[Stored data]
---

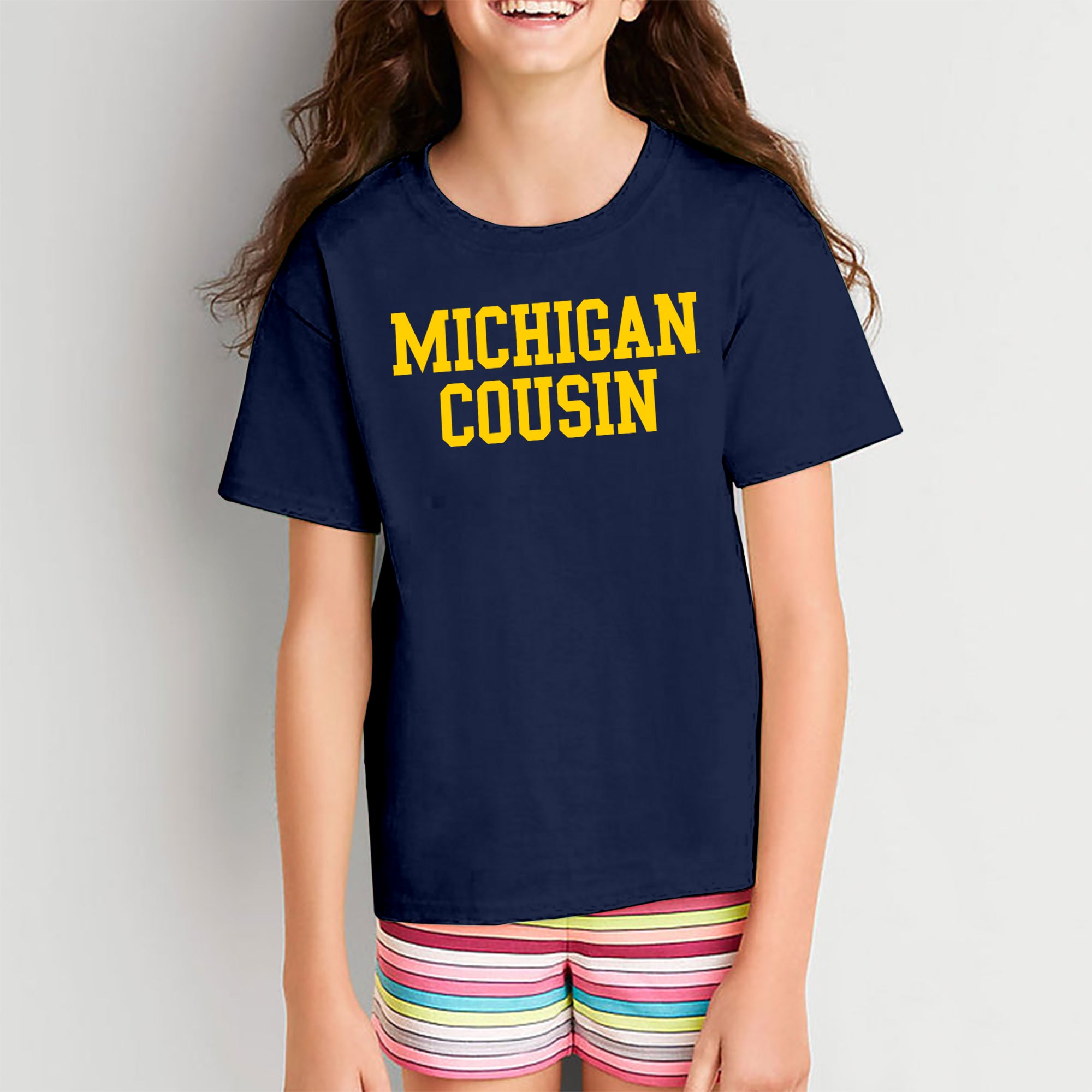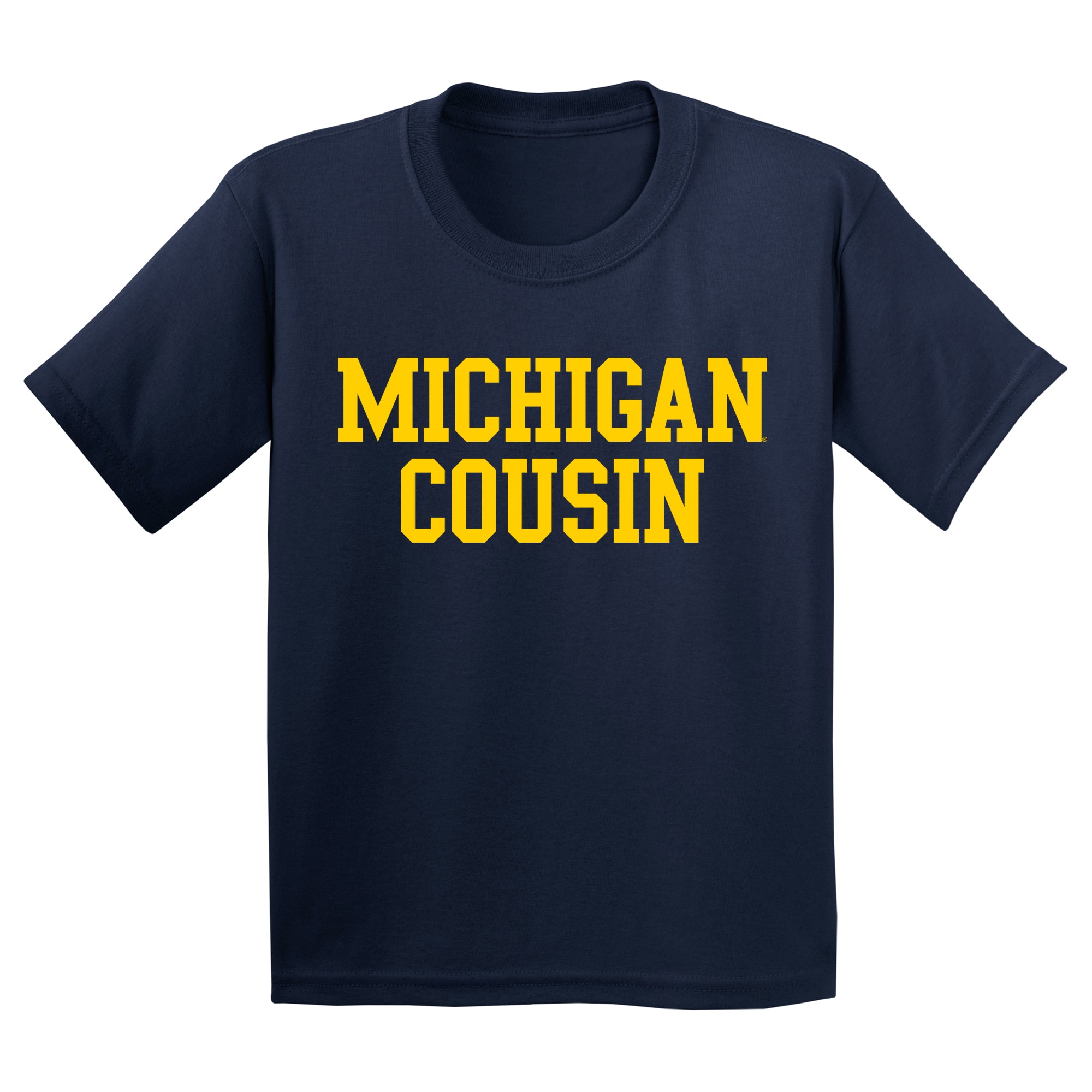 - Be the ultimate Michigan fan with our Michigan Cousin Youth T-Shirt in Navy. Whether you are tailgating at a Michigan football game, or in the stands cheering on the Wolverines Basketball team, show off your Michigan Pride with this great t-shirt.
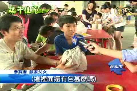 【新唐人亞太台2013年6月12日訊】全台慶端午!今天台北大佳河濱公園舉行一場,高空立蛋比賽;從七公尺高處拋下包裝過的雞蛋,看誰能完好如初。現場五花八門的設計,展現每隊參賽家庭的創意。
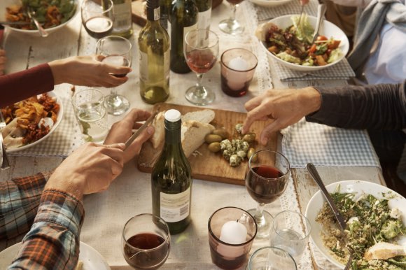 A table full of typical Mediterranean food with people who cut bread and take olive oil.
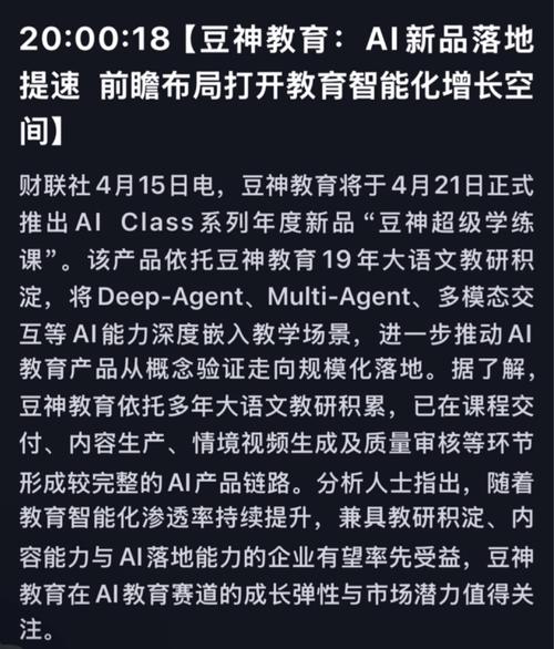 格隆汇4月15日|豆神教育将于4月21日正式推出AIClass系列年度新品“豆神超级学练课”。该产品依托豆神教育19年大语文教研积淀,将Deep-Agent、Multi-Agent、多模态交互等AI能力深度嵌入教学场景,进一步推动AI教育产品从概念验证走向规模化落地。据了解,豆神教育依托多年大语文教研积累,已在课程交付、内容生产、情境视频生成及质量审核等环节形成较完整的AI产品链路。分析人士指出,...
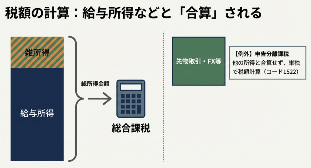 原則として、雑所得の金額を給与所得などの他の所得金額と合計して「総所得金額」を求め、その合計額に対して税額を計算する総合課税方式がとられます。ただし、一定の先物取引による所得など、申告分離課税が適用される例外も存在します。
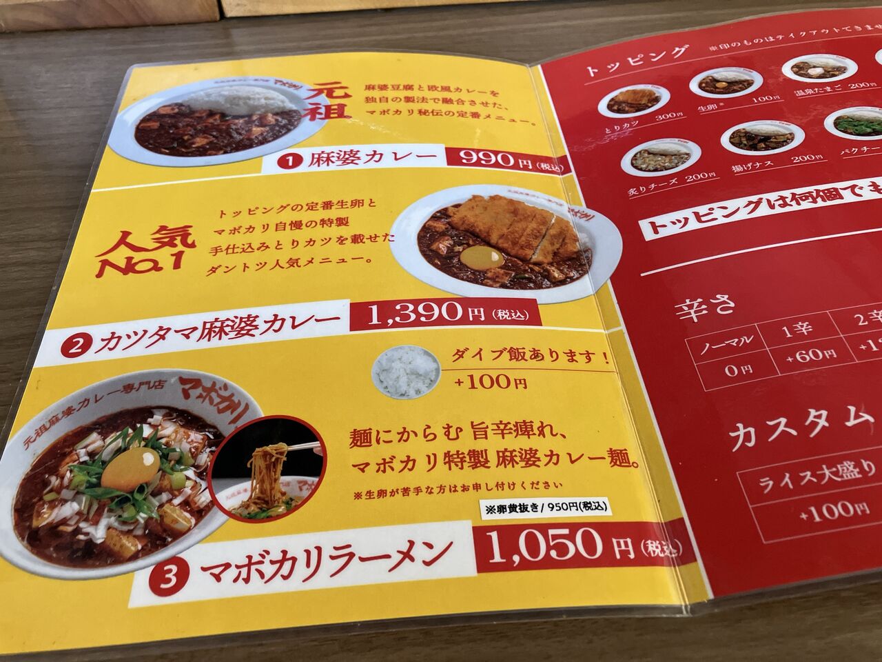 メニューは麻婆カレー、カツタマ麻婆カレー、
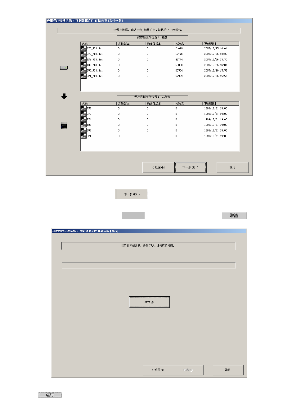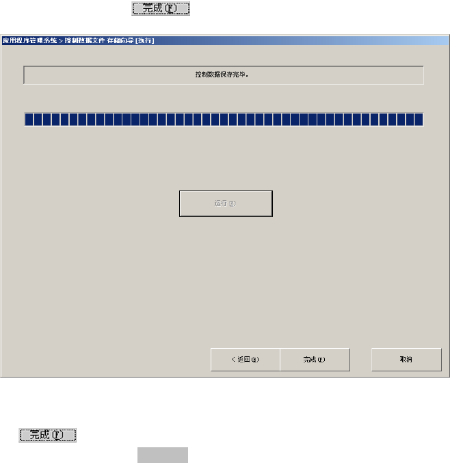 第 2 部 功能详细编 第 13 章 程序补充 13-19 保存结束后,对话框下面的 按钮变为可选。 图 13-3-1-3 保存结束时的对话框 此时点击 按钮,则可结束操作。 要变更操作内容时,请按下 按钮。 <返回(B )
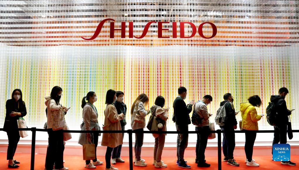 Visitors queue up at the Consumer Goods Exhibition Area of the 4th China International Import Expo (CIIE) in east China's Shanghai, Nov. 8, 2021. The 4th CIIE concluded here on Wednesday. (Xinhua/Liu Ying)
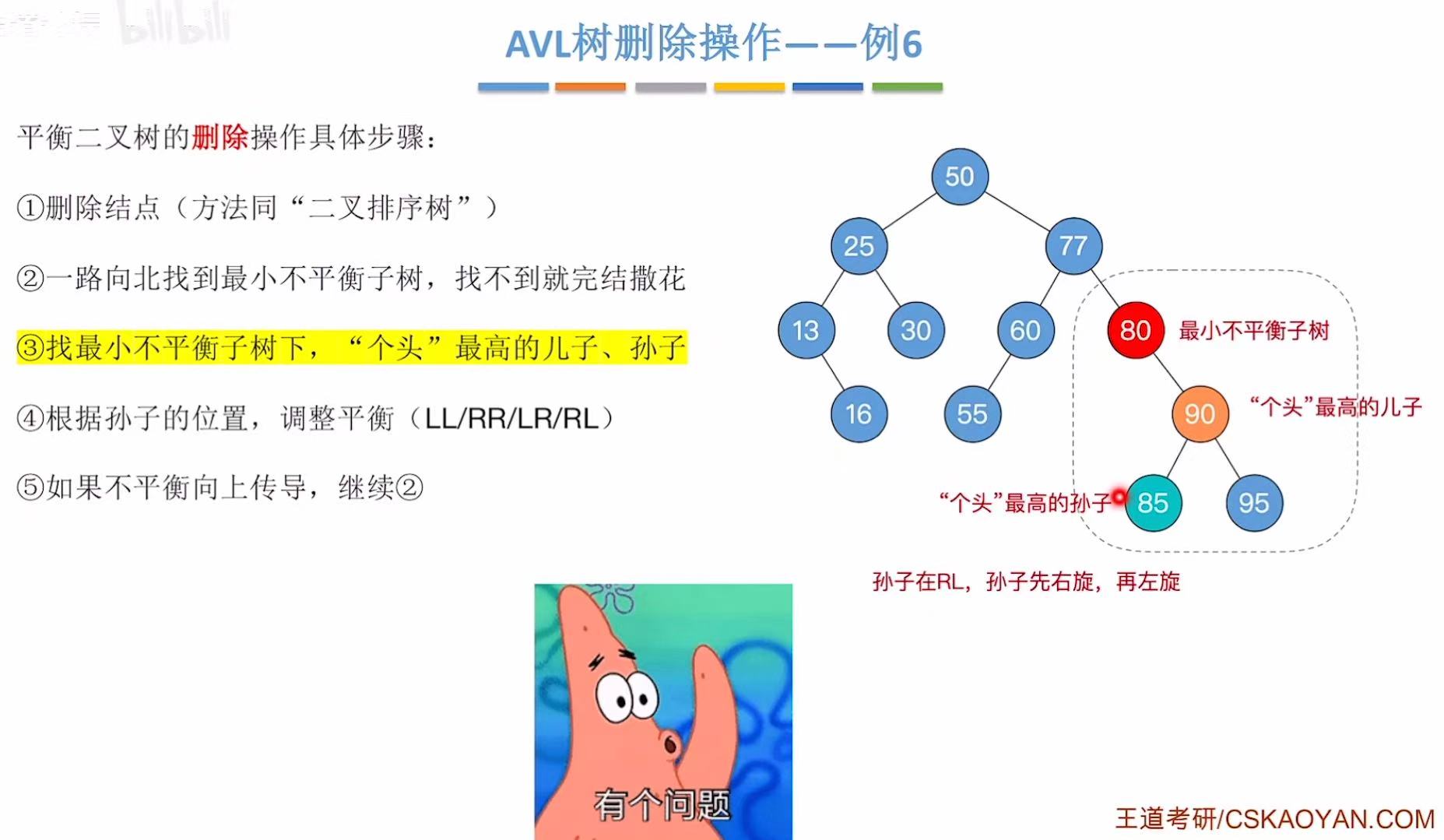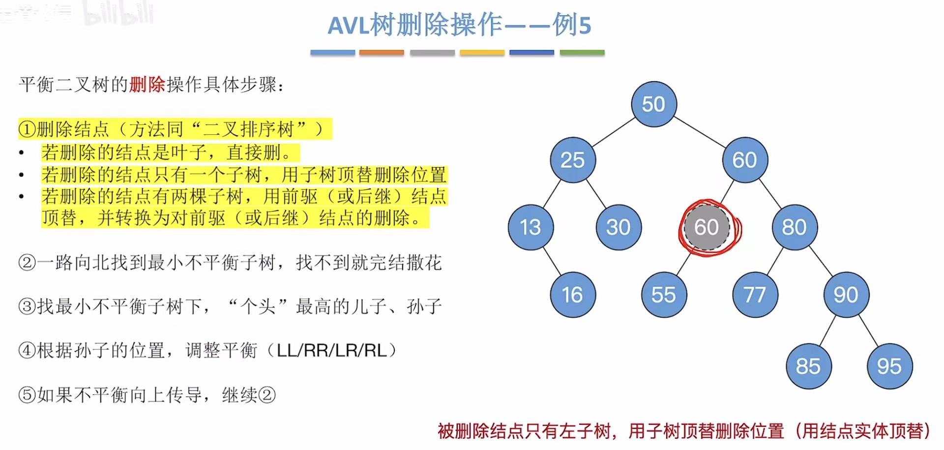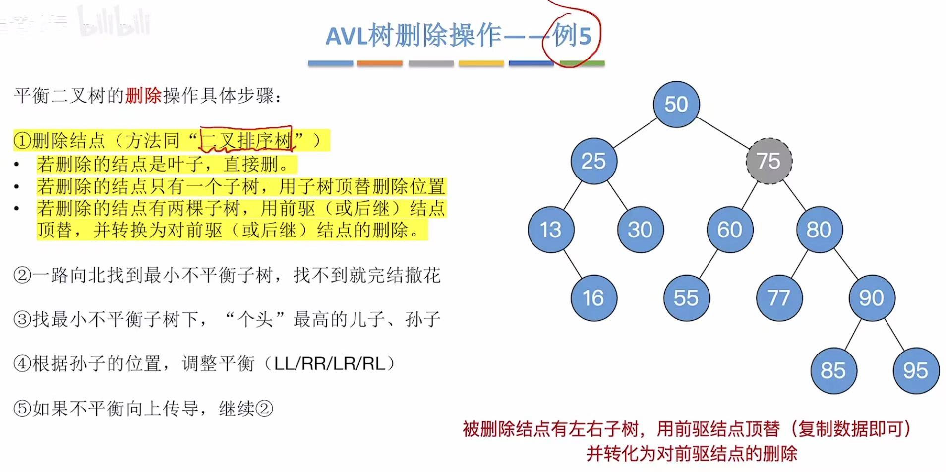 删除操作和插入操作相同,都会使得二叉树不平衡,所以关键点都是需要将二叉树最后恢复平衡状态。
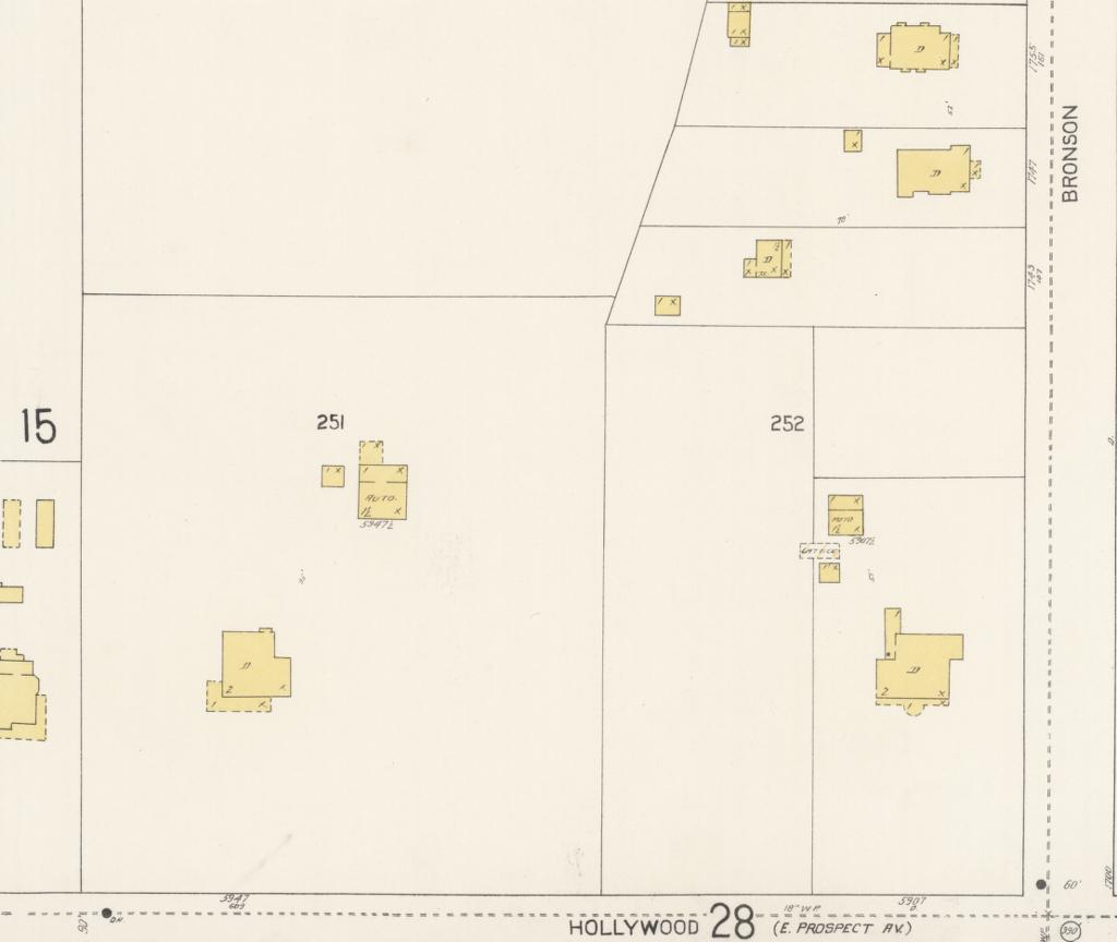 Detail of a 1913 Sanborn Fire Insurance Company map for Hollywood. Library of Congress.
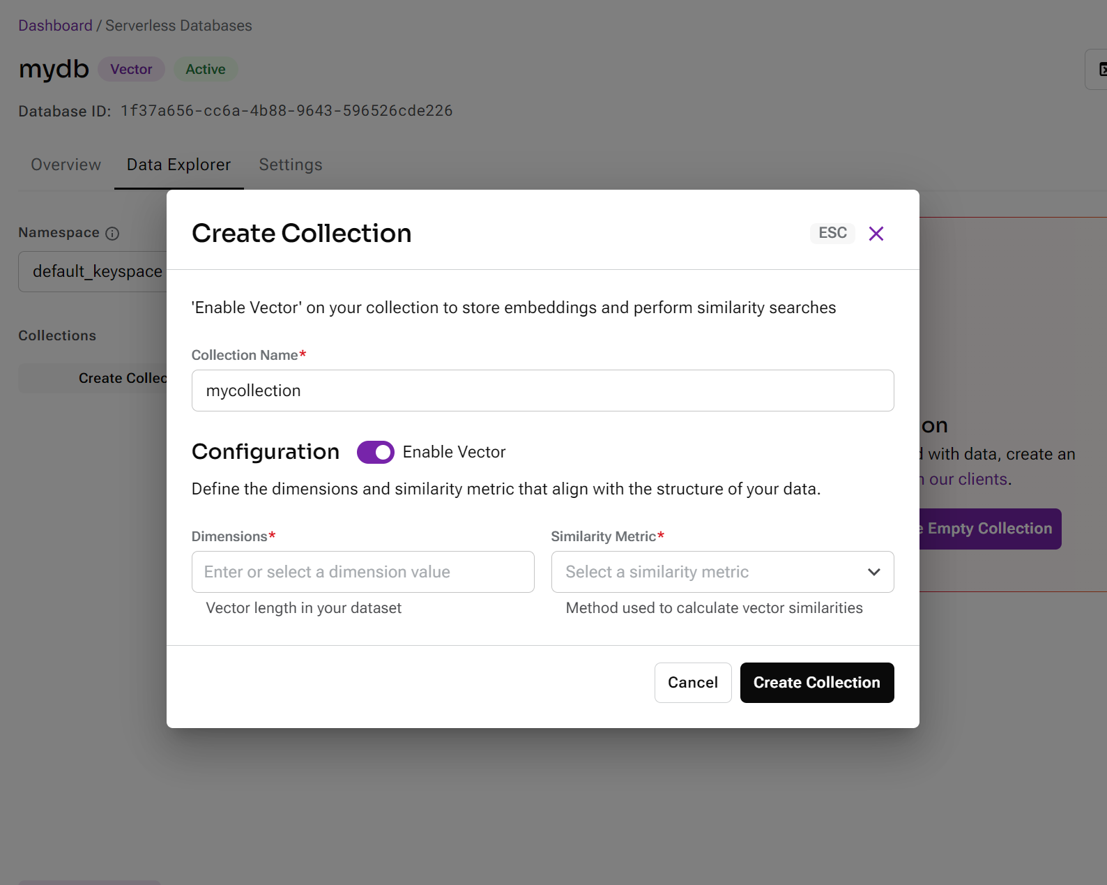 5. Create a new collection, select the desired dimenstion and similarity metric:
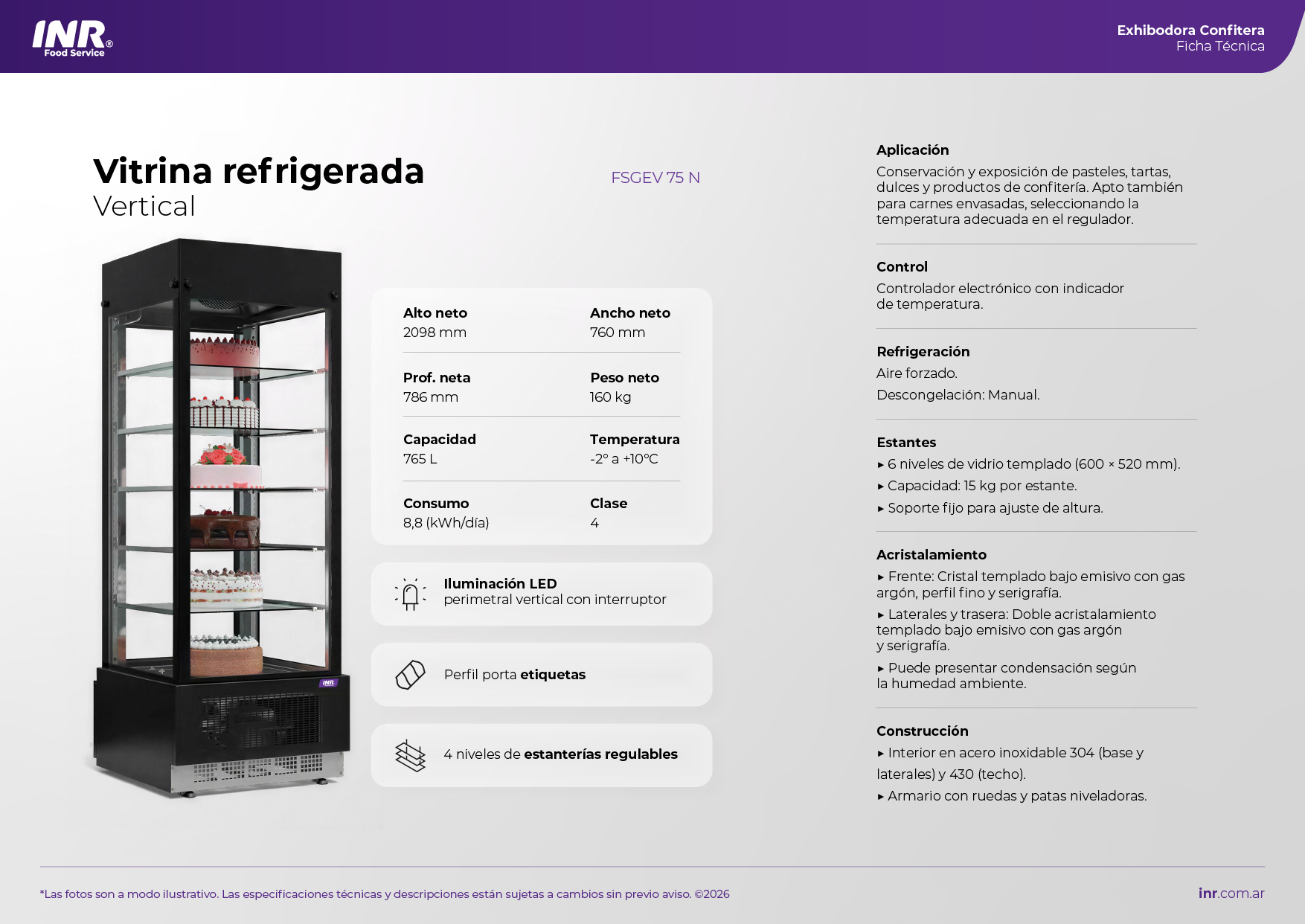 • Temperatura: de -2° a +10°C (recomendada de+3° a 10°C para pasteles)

---

• [TASK DESCRIPTION]
Transcribe the entries word for word, without their pictures.

• [TASK RESPONSE]
 - Be the ultimate Michigan fan with our Michigan Cousin Youth T-Shirt in Navy. Whether you are tailgating at a Michigan football game, or in the stands cheering on the Wolverines Basketball team, show off your Michigan Pride with this great t-shirt.
 【新唐人亞太台2013年6月12日訊】全台慶端午!今天台北大佳河濱公園舉行一場,高空立蛋比賽;從七公尺高處拋下包裝過的雞蛋,看誰能完好如初。現場五花八門的設計,展現每隊參賽家庭的創意。
 A table full of typical Mediterranean food with people who cut bread and take olive oil.
 格隆汇4月15日|豆神教育将于4月21日正式推出AIClass系列年度新品“豆神超级学练课”。该产品依托豆神教育19年大语文教研积淀,将Deep-Agent、Multi-Agent、多模态交互等AI能力深度嵌入教学场景,进一步推动AI教育产品从概念验证走向规模化落地。据了解,豆神教育依托多年大语文教研积累,已在课程交付、内容生产、情境视频生成及质量审核等环节形成较完整的AI产品链路。分析人士指出,...
 原則として、雑所得の金額を給与所得などの他の所得金額と合計して「総所得金額」を求め、その合計額に対して税額を計算する総合課税方式がとられます。ただし、一定の先物取引による所得など、申告分離課税が適用される例外も存在します。
 メニューは麻婆カレー、カツタマ麻婆カレー、
 第 2 部 功能详细编 第 13 章 程序补充 13-19 保存结束后,对话框下面的 按钮变为可选。 图 13-3-1-3 保存结束时的对话框 此时点击 按钮,则可结束操作。 要变更操作内容时,请按下 按钮。 <返回(B )
 Visitors queue up at the Consumer Goods Exhibition Area of the 4th China International Import Expo (CIIE) in east China's Shanghai, Nov. 8, 2021. The 4th CIIE concluded here on Wednesday. (Xinhua/Liu Ying)
 删除操作和插入操作相同,都会使得二叉树不平衡,所以关键点都是需要将二叉树最后恢复平衡状态。
 Detail of a 1913 Sanborn Fire Insurance Company map for Hollywood. Library of Congress.
 5. Create a new collection, select the desired dimenstion and similarity metric:
 • Temperatura: de -2° a +10°C (recomendada de+3° a 10°C para pasteles)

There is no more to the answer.